Twenty-five Android apps were detected automatically charging users hundreds of dollars after the trial ended.
Sophos security researchers have discovered a series of “fleeceware” phishing apps installed by more than 600 million Android users.
Fleeceware is a new term that appears. Sophos first used the concept last September when it discovered a new type of phishing app on the Play Store that will charge users after a trial period.
By default, those who accept an app trial need to cancel the trial ahead of time to avoid deducting money. However, most people just remove the application and forget that the trial period remains.
While most applications will consider removal to cancel the trial, fleeceware will continue to count the trial period even if they have been removed. As a result, users are deducted for renewal without their knowledge.
Last year, Sophos discovered about 15 fleeceware applications with extremely simple functions like scanning a QR code or a pocket calculator. All except the user money after a few days of trial to renew with huge amounts from 100 to over 200 USD per year package.
Although the 15 applications were removed, the security vendor continued to detect a series of fleeceware applications with the same mechanism to charge users.
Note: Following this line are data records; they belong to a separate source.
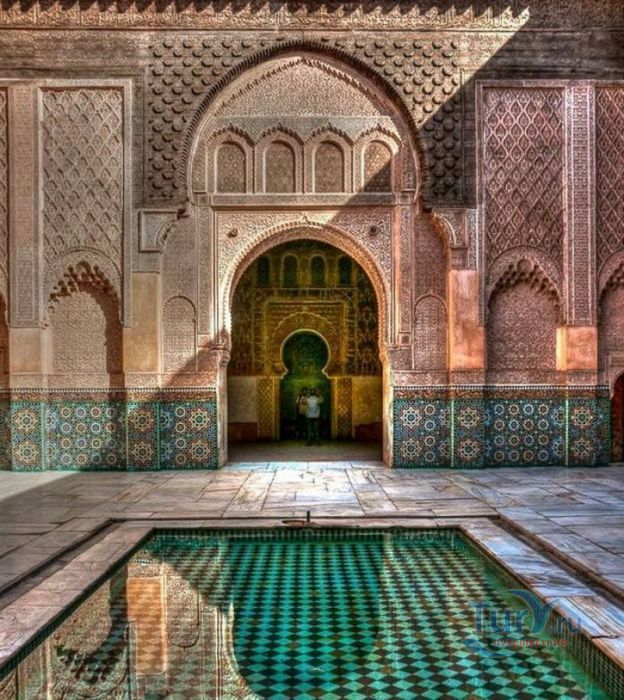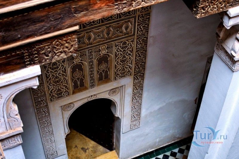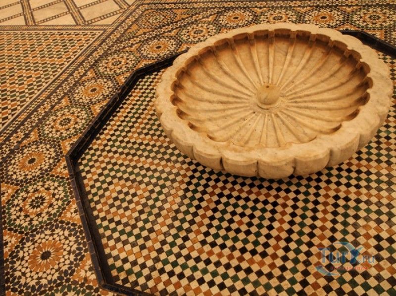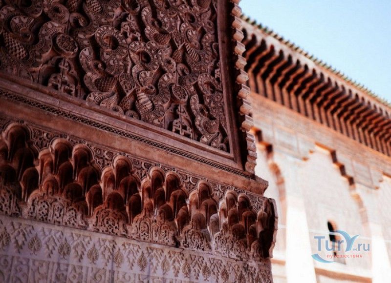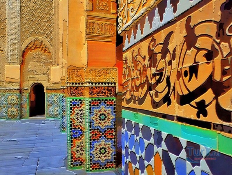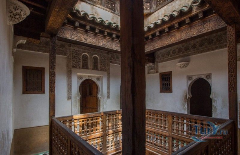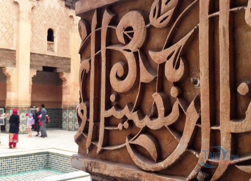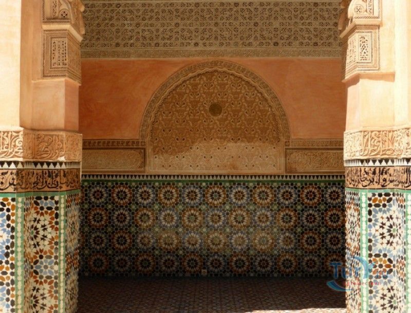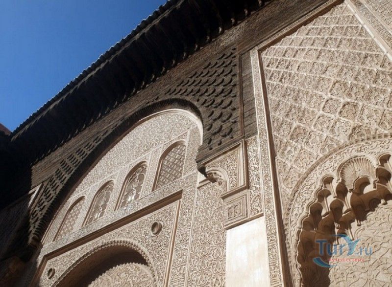 Медресе Бен Юсефа - бывшая кораническая школа, одна из крупнейших в Марокко и всей Северной Африке, расположена в самом центре Медины Марракеша. Медресе была основана в XIV веке султаном Абуль-Хасаном Али I из берберской династии Маринидов, правящей в то время в Марокко. В 1570 году медресе было перестроено и значительно расширено султаном Абдаллахом I аль-Галибом из династии Саадитов. В течение четырёх столетий медресе, названное в честь эмира Альморавидов Али Ибн Юсуфа (Бен Юсефа), являлось духовным религиозным центром Марокко и пользовалось огромным авторитетом среди почитателей ислама. Вплоть до 1960 года в медресе изучали Коран и получали знания в различных областях науки одновременно около 900 студентов, в 1960 году учебное заведение закрылось, а спустя 22 года, в 1982 году, открылось в качестве музея. Общая площадь сооружения - 1680 квадратных метров, здание медресе расположено вокруг центрального двора квадратной формы, в центре которого находится прямоугольный бассейн для омовений. С трёх сторон двор окружён двухъярусными крытыми арочными галереями, деревянные своды которых поддерживают ряды мощных колонн. Из центрального двора можно попасть в большой молитвенный зал, состоящий из трёх проходов, разделённых мраморными колоннами, поддерживающих резной деревянный потолок. В молитвенном зале находится михраб (ниша в стене), указывающий направление на Мекку. На первом и втором этажах медресе расположены 132 худжры (жилые комнаты для студентов), сосредоточенные вокруг семи небольших внутренних двориков, связанных между собой длинными коридорами. Медресе Бен Юсефа построено в мавританском архитектурном стиле, при строительстве использовались мрамор, привезенный из Италии, камень, добываемый в Атласских горах, расположенных на Атлантическом побережье Марокко, и древесина кедра. Фасады и внутренние помещения отделаны декоративной штукатуркой (лепнина, декоративный орнамент, резные бордюры и панели), внутренний двор выложен плитами из белого мрамора, стены, колонны и пол галерей и внутренних помещений оформлены мозаичной плиткой с цветочными и геометрическими узорами, окна - ажурными металлическими и лепными решётками. Медресе Бен Юсефа, сохранившееся до наших дней в своём первозданном виде, является одним из самых значимых исторических и архитектурных памятников Марокко, который ежегодно посещают тысячи иностранных туристов, приезжающих в Марракеш.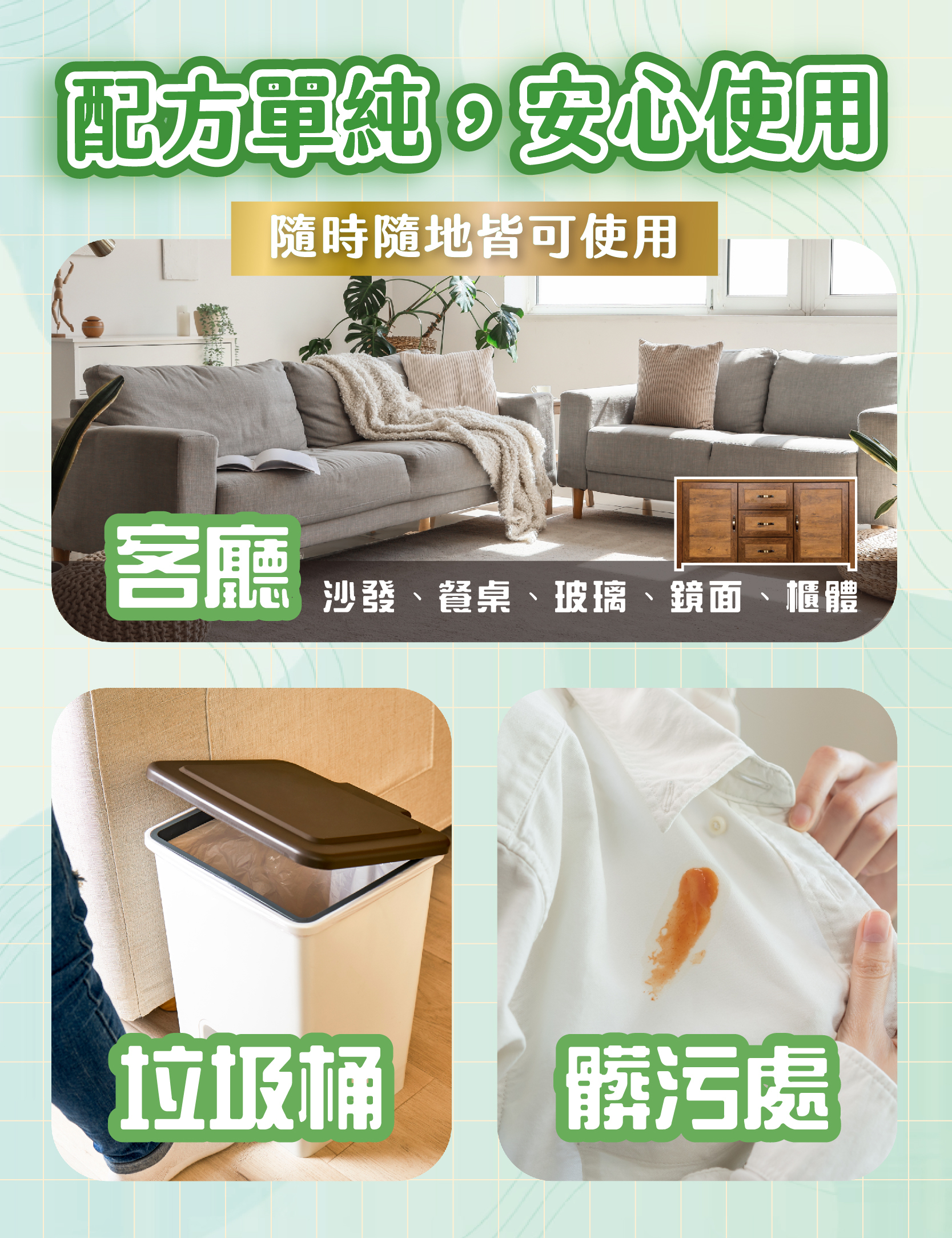 - 居家生活空間(客廳、餐桌、玻璃、鏡面、櫃體、沙發等髒污處)
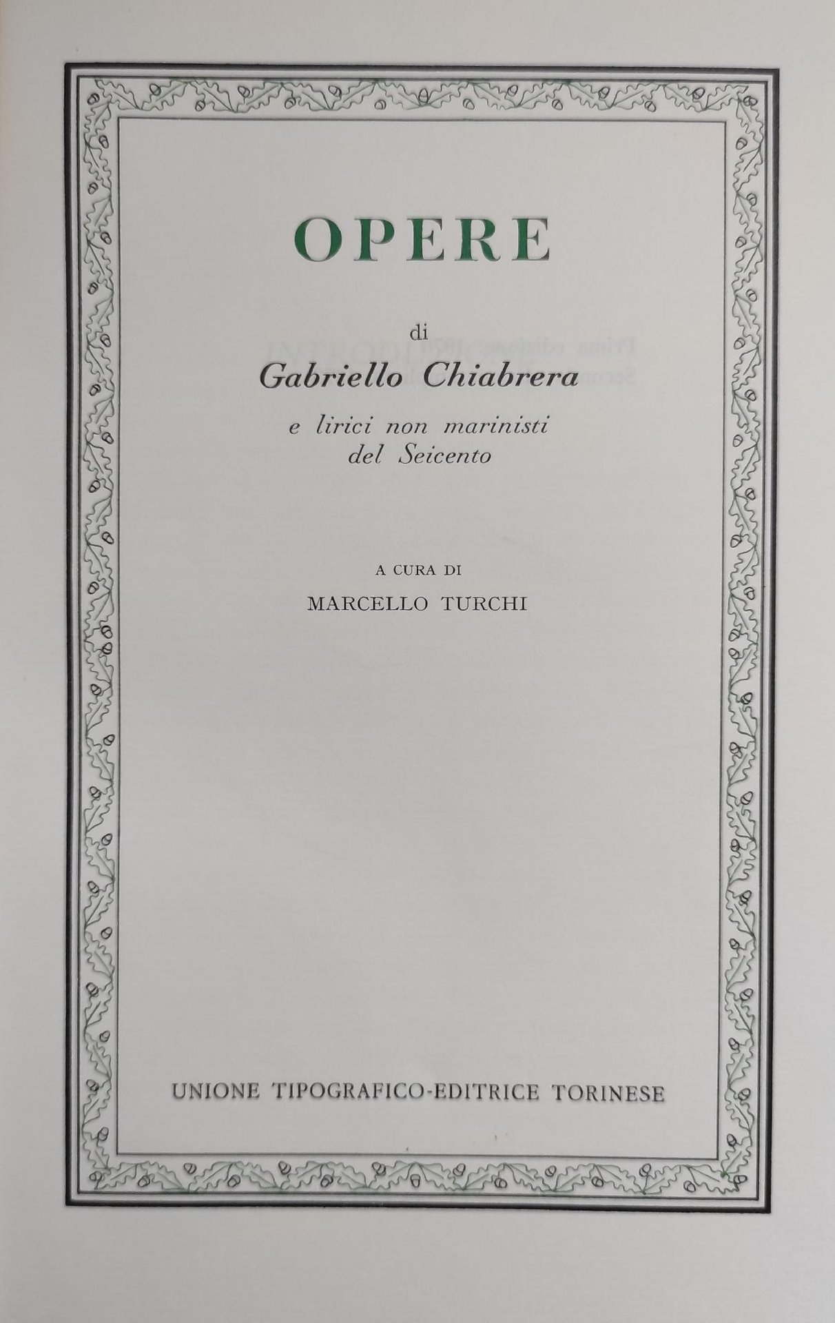 OPERE DI GABRIELLO CHIABRERA E LIRICI NON MARINISTI DEL SEICENTO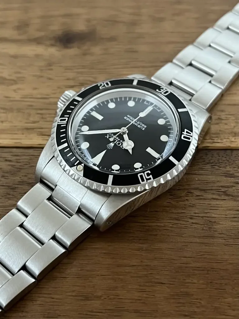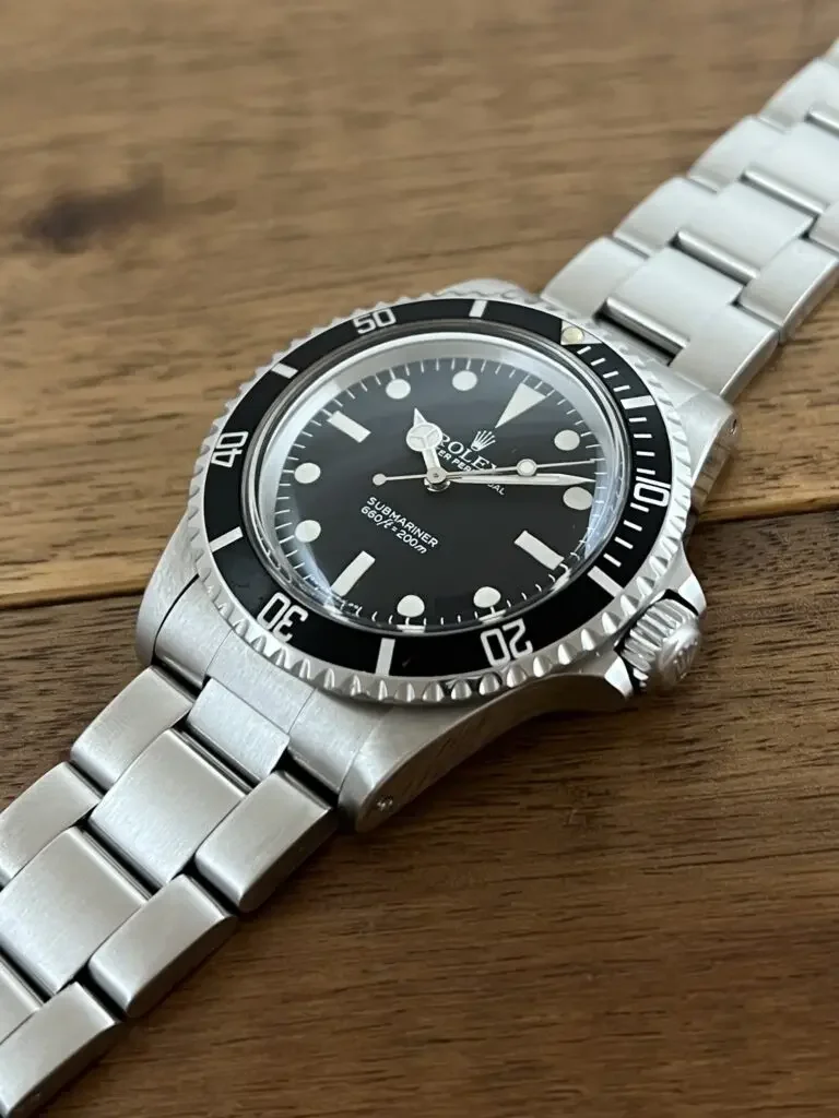 The lightly polished case with full and even lugs with almost no signs of use. The black insert shows no scratches or dings. The bracelet is a later (1982/3) Rolex 93150 with 580 end links in excellent condition, 12 links included, with minor stretch from use. Bracelet clasp code is G.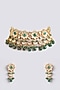 Gold Finish Kundan Polki & Green Beaded Choker Necklace Set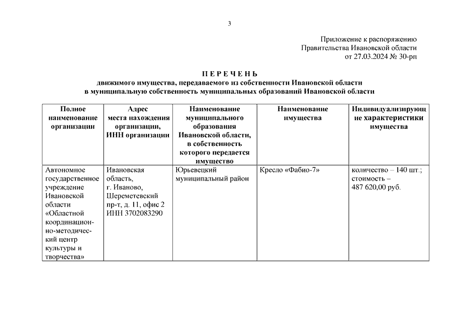 Распоряжение Правительства Ивановской области от 27.03.2024 N 30-рп "О передаче движимого имущества из собственности Ивановской области в муниципальную собственность муниципальных образований Ивановской области"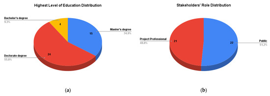 Figure 4b). The public external stakeholders involved non-governmental organizations, civil society and community, media, academia, and the environment. On the other hand, the project professionals were a sub-stakeholder group under the internal stakeholders, which involved bank and financial institutions, project managers, designers, architects, engineers, facility managers, contractors, subcontractors, construction companies, real estate agencies, demolition and deconstruction companies, and waste treatment companies. Per the highest education level distribution, this questionnaire captures that most public stakeholders had an academic background, reflecting the specific stakeholder type of academia focusing on sustainability and the circular economy. This, in turn, brings the academia’s both theoretical and practical perspectives to the questionnaire’s results. On the other hand, the project professionals’ involvement brings a detailed practical perspective. Even though the questionnaire also aimed to reach the other internal stakeholders, encompassing owners, users/consumers, suppliers, manufacturers, and governmental external stakeholders, no responses have been received. There is a notable gap in the results of this questionnaire.

Twenty fleeceware applications were detected this time, most of them with basic functions such as keyboards, messaging, cameras and video editing. In particular, the GO Keyboard Lite application was once discovered sending user keystrokes to the Chinese server in 2017.
According to statistics, more than 600 million users have installed these fraudulent applications, particularly some applications with downloads more than 100 million.
Sophos analyst Jagadeesh Chandraiah suspects that it’s a bogus download, the five-star reviews are also fake to fool users.
On the application introduction page, there are also many warning comments. Some people claim to cancel the trial but still get charged, asking Google and the developer to refund it.
To ensure no unfair deduction, Android users should be cautious when installing applications from the Play Store but only for a few days trial. When signing up for a trial, carefully read the information on the screen to detect suspicious signs. Before downloading the app, you should read the reviews below instead of just looking at the stars.
If you have already signed up for the trial, be sure about the renewal policy. Some apps require email or follow complex instructions to cancel the trial. Take a closer look and send them to Google in case of canceling the trial but the account will still be charged.